We’re particularly fond of the line that says: “‘I’m not sure if it was typo or a drug reference when you said your mate’s wee sister loves to get wined and lined but it won’t be happening in this establishment.”
George Kyle, head of PR at Tennent’s Lager, said: “We’re glad to say that the letter isn’t actually real. Someone’s just gone to extraordinary lengths to try and get a free pint – or a few retweets on Twitter.”
We hope they got some cans out of it, at least.
Did you know that you can get personalised trainers with your name on them, or whatever you want? Both Adidas and Nike do the personalised trainer thing, so when one fella decided to get some Nike runners with something on the back, he didn’t account for his mates mucking about.
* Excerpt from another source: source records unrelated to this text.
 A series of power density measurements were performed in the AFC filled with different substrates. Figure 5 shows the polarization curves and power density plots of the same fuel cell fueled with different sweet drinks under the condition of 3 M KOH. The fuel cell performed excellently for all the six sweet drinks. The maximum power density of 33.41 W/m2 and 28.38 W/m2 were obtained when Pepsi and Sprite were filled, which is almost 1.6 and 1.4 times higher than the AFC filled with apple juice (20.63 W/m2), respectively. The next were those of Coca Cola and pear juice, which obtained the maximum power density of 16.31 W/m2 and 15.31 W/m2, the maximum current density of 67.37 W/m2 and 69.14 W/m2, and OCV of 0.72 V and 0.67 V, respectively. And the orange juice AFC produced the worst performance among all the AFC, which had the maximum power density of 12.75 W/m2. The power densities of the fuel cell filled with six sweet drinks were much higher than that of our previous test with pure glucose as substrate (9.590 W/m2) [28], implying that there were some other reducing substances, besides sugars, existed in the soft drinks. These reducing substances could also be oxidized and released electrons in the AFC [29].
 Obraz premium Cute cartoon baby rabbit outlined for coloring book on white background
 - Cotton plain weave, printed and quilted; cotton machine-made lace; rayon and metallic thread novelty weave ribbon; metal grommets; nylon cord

Mid-order, Danny Hunter took his eye off the ball, leaving his computer unattended, and didn’t realise that his Roshe kicks said ‘Ian Beale’ on the heel.
And he pressed ‘buy’.
The photo was whacked up on Facebook, where everyone had a lovely time laughing at the customised sneaks, and of course, making comments about the hairiness of Hunter’s ankles.
The comment again: “Danny Hunter made some trainers on Nike ID last week in college and someone has changed the personalised writing on the back to “Ian Beale” when he wasn’t looking, he orders them without double checking and they turn up to his door like this – 105 quid well spent best thing I’ve ever seen – Nike Roshe Run Ian Beale editions.”
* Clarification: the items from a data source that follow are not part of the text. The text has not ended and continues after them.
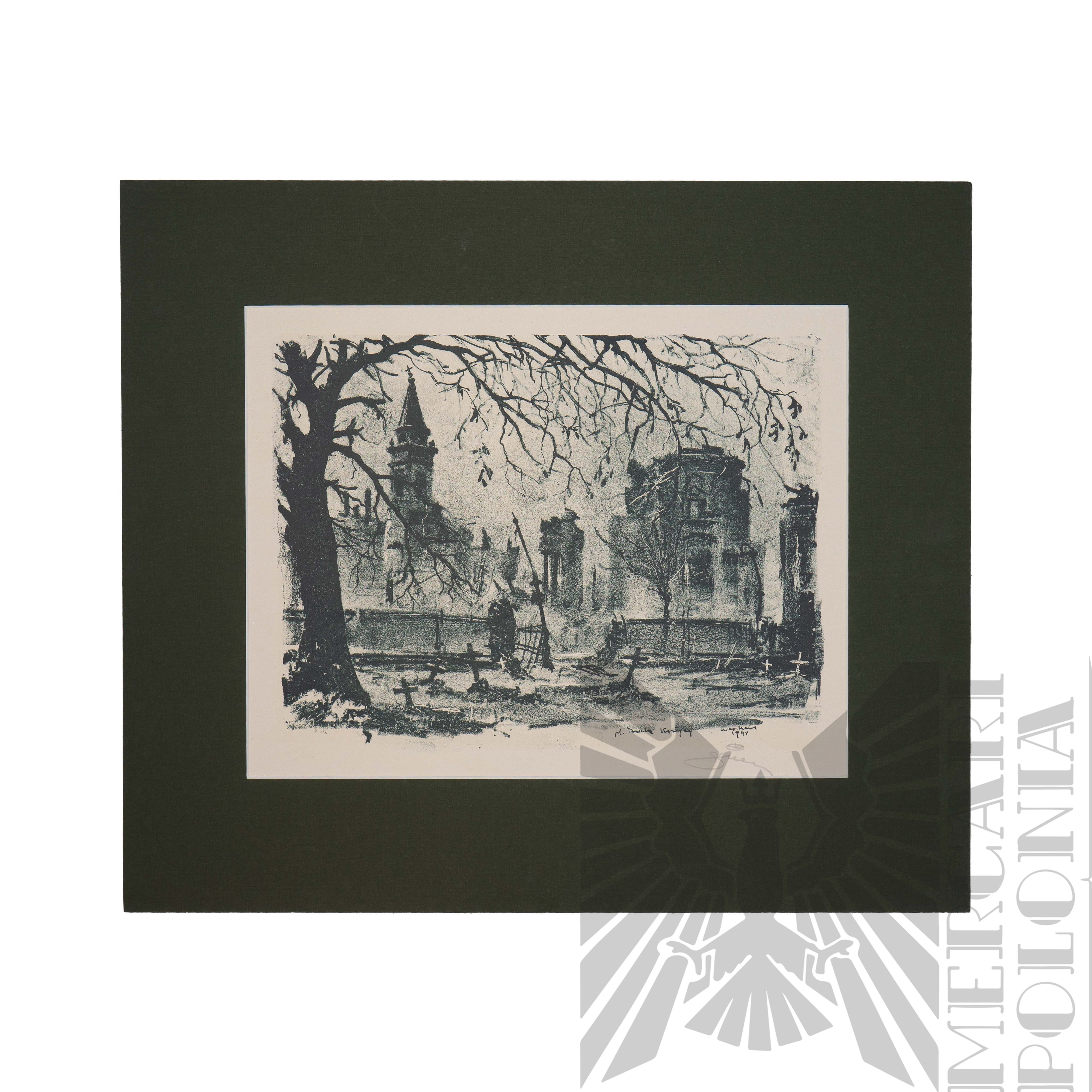 autolitografia, papier, 26 x 34 cm w świetle passe-partout, wymiary zewnętrzne 41 x 48 cm, sygnowana ołówkiem przez autora p.d. oraz opisana i datowana na płycie. Nakład 300 egz. Warszawa 1945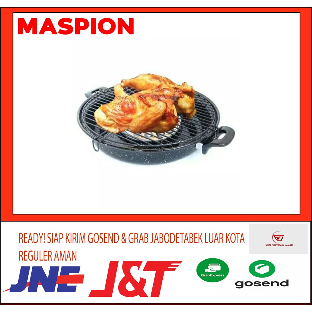 Pemanggang Maspion Magic Roaster- Diameter 34cm- Dapat mengubah api kompor menjadi api bara (tanpa menggunakan arang dan mengipasi bara api di arang)- Bahan bahan baja dilapisi porcelain enamel berkualitas dengan corak bintik putih dilengkapi gagang yang kokoh dan tahan panas.- Sistem pemanas menggunakan pemutar, sehingga makanan yang dipanggang dapat matang dengan sempurna- Dapat digunakan di atas kompor gas maupun kompor minyak tanahDapat digunakan untuk memanggang sate, ikan, daging, sosis, dsb. Cocok untuk menemani acara anda bersama keluarga dan teman (spt : BBQ diawal tahun, pesta taman kecil)Cara Penggunaan : 1. Isi bagian bawah pemanggang (wajan) dengan air secukupnya agar tetesan kecap dan bumbu mudah dibersihkan dan makanan tidak cepat gosong.2. Letakkan pemanggang di atas kompor dan nyalakan kompor. Tunggu bbrp menit, bagian tengah pemanggang (roller tray) memerah akan berputar sehingga makanan akan matang dengan sempurna dan merata.3. Taruh bahan makanan yang ingin dipanggang diatas rack.4. Panggang sampai matang dengan membolak-balik bahan makanan tsb (daging, ikan, sosis,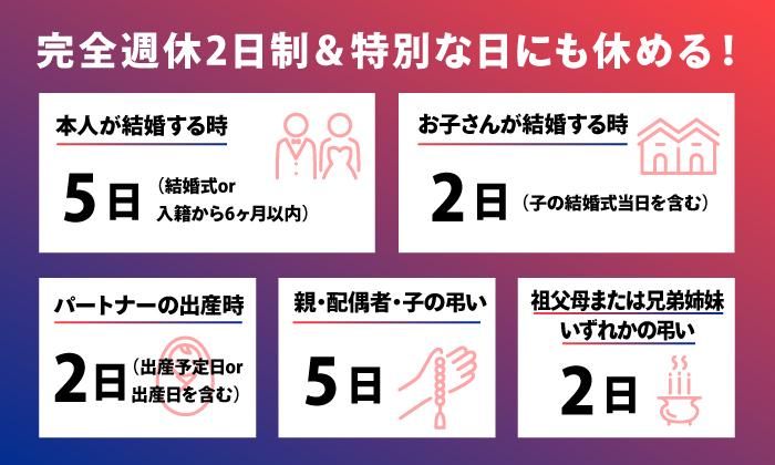 休日休暇 | 休日休暇 完全週休2日制 ※勤務先により土日祝休み有 【休暇制度】 ・GW休暇 ・夏季休暇 ・年末年始休暇 ・慶弔休暇 ・育児休暇 ・介護休暇 ・リフレッシュ休暇 【特別休暇】 ・本人が結婚する時/5日(結婚式or入籍から6ヶ月以内) ・お子さんが結婚する時/2日(子の結婚式当日を含む) ・パートナーの出産時/2日(出産予定日or出産日を含む) ・親、配偶者、子の弔い/5日 ・祖父母又は兄弟姉妹の弔い/2日 |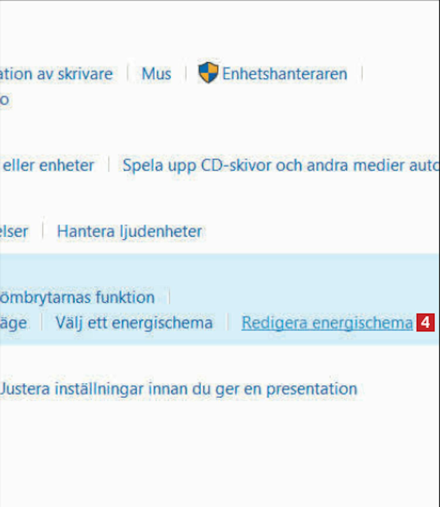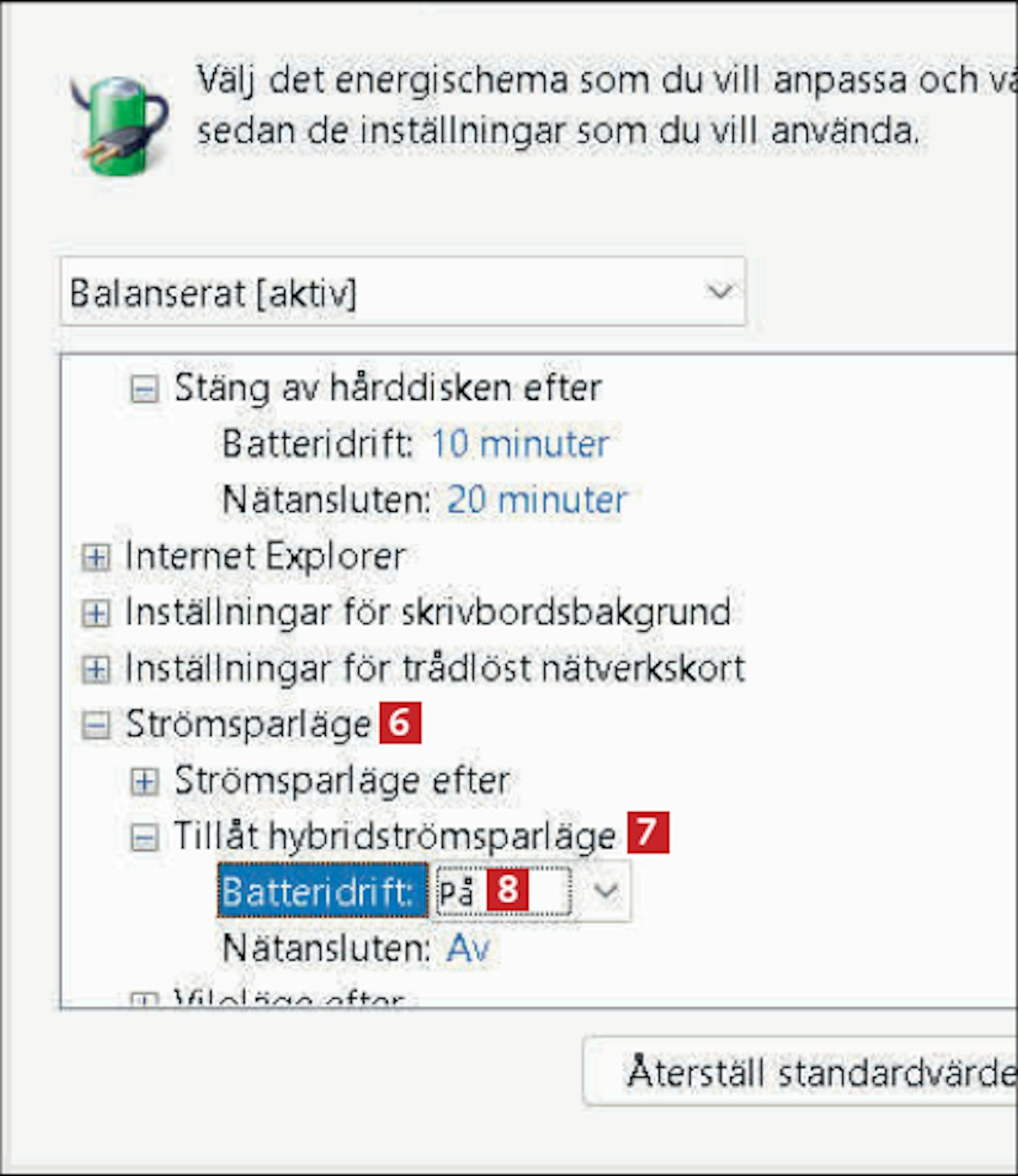 Klicka på Strömsparläge 6 följt av Tillåt hybridströmsparläge 7 . Klicka på På 8 .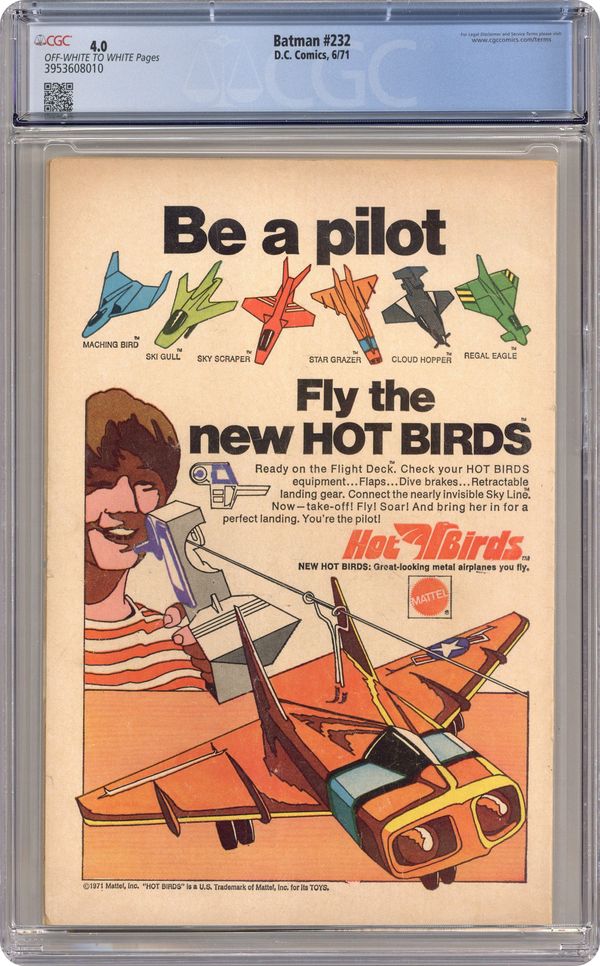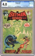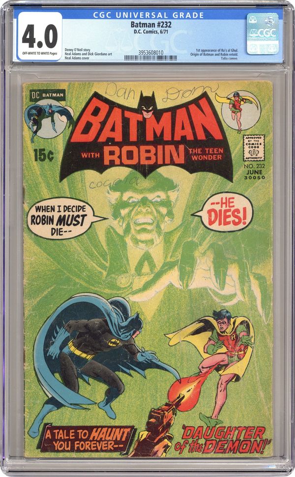 1st appearance of Ra's Al Ghul. Last 15-cent cover price. Cover by Neal Adams. "Daughter of the Demon," script by Denny O'Neil, pencils by Neal Adams, inks by Dick Giordano; Origin of Batman and Robin retold; Robin returns home from a night of adventuring; Two gunmen armed with tranquilizer darts shoot the Boy Wonder and take him prisoner; Later, Bruce Wayne receives a photograph of his kidnapped partner and a challenge to find him; Ra's Al Ghul contacts deduce that Bruce Wayne and the Batman are one in the same; He calls upon the world's greatest detective to help him find his daughter Talia, who also has been kidnapped. Letter to the editor by Mike W. Barr. 36 Pages, Full Color. Cover price $0.15. Grade: CGC 4.0 explanation of grade Condition: Used (collectible)

Marvellous work. We want some Elsie Tanner trainers now!
Well, they might if they hear about this baffling service where you can order a spud with a message written on by hand, by someone who has a felt-tip.
The site, Mystery Potato, allows you to order a personalise potato, which you send with a message on it, for around £5. Of course, you could just buy a bag of spuds down the shops, write on them yourself, and throw them at someone’s house, if you prefer.
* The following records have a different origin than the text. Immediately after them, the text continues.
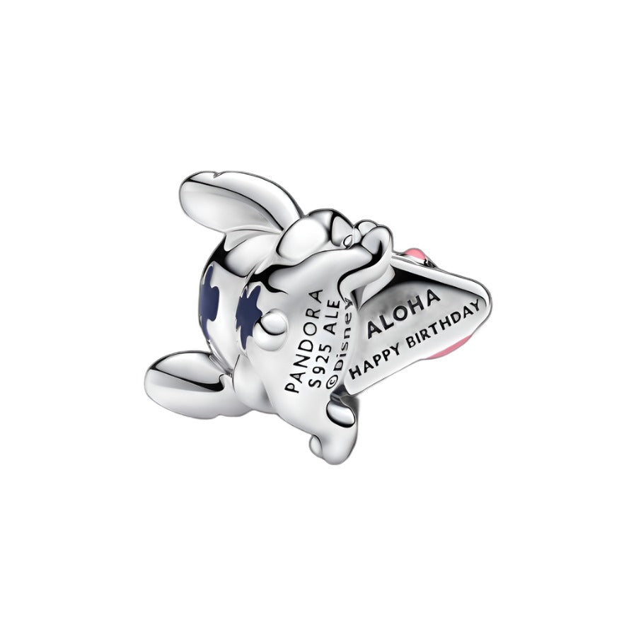 Celebrate a special moment with the Disney Stitch Birthday Cake Charm, a fun addition to your charm collection. Crafted in sterling silver, Disney’s Stitch sits playfully behind a cake, capturing the essence of special occasions. Intricate hand-applied enamel details bring the mischievous character to life, from his animated eyes to the drips of color on the cake. The engraving “ALOHA HAPPY BIRTHDAY” adds a festive touch. With every detail, this Stitch Pandora charm is a whimsical tribute to the magic of birthdays and the loveable Stitch.
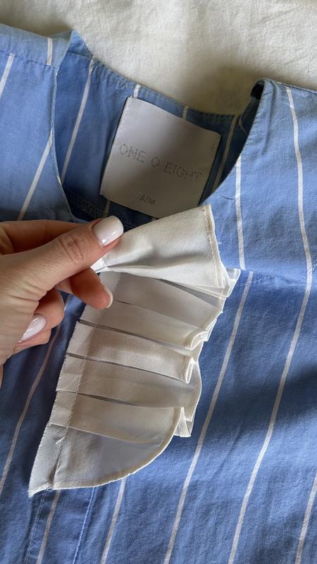 Красивая рубашка в стиле Celine. Невероятно смотрится в готовом аутфите. Натуральный состав ткани - 100% cotton. Застегивается на пуговицы, спереди нейковарный волан (не объемный, аккуратный), акцентные манжеты. Рукав «фонариком»Спинка удлинена. Носить можно как заправляя в ариребро или то поверх брюк или юбок. Состояние ИДЕАЛЬНЫЙ. Размер С-М. Длина по спинке 66см, длина рукава 61см, ПОГ 52см.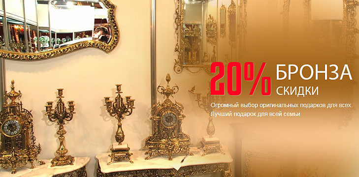 Бронза входит в список металлов, из которых выполняются предметы для элитных интерьеров. Ювелирные украшения традиционно делают из золота, столовые приборы из серебра, а аксессуары для интерьеров – это царство бронзы. Подарки из бронзы - столы бронзовые, стулья бронзовые, консоли бронзовые, часы с канделябрами, дверные ручки, подсвечники купить. Элитная бронза.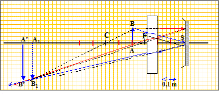 AB : objet ; A1B1: image intermédiaire donnée par le miroir sphérique ; A'B' : image définitive. sens positif : celui de la lumière incidente ( le sens change après réflexion sur le miroir) Relation de conjugaison pour le miroir avec origine au sommet : 1/ SA1 -1/ SA = -2/SC ; 1/ SA1 = -2/SC +1/ SA avec SA = -0,4 m , SC = -0,6 m 1/ SA1 =2/0,6 + 1/(-0,4) =3,333-2,5 = 0,833. SA1 =1,2 m. A1B1 joue le rôle d'objet pour la lame à faces parallèles. Le déplacement de l'image A' par rapport à l'objet A1 a pour expression : AA1 = e( 1-1/n) = 0,09(1-1/1,5) =0,03 m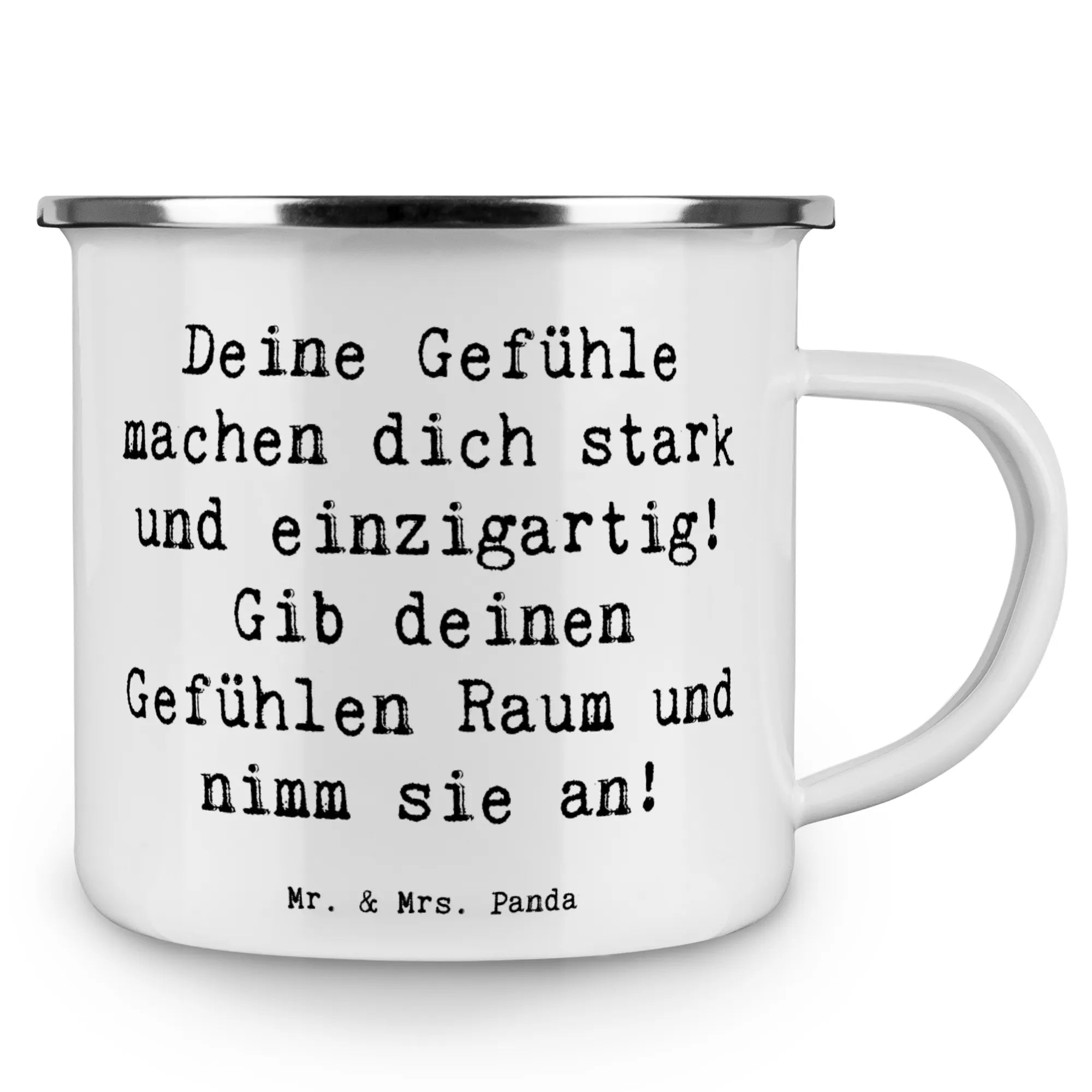Kempingowy kubek emaliowany Przysłowie Deine Gefühle machen dich stark und einzigartig! Gib deinen Gefühlen Raum und nimm sie an!

Through this website, you can choose between a sweet potato or jacket potato, and tap in your message, and the company will fix it up for you, and send it anonymously to the object of your affections. No. Honestly. This is actually happening.
Jeff Kelly and Jim Owens, the people behind this venture, say that “potatoes are simple and they bring joy and confusion like you would not believe.”
“In these days of email, tweets, Snapchat, and Facebook messenger, sending someone something in the mail is starting to have a renewed power and impact – potatoes are just the thing to send in the mail.”
Now, imagine the horror of opening up a package and finding a cold, cooked potato in there. Knowing the postal services, it’d be more like mashed potato too. Anyway, if you want in, you know what to do.
Yesterday, we told you about Tony the Tiger pre-emptively blocking furries who wanted to send the fictional feline pictures of their nether regions.
Well, another pretend animal has been sidling up to these furries (we explained what they are in yesterday’s piece, but basically, it is grown humans who like dressing up as animals), sniffing around Tony’s cast-offs on Twitter.
It is 2016, and a mascot for cheesy crisps is winking at the sexual advances of actual adults on the internet.
So there you go. Tony is obviously a prude, while Chester Cheetah from Cheetohs world, is a mucky bugger. The key thing here – what does Coco The Monkey think about all this? Is he sliding into people’s DMs promising to make their milk turn chocolatey?
Some people lead sheltered lives, which of course, is perfectly fine. However, for those who have delved into the underbelly of sexual activity on the internet, you’ll know all about furries.
Furries, in short, are adults who like dressing up like animals, both real and fictional. And yes, some people get ‘a bit excited’ when it comes to those dressed up like wolves or whatever.
And so, to Frosties mascot, Tony the Tiger, who has been getting in all kinds of bother with randy furries, who just love his butch felinery.
Furries are inundating Tony the Tiger’s Twitter account with all manner of lusty business. Some are straight-up trolling, some it seems, are not trolling at all.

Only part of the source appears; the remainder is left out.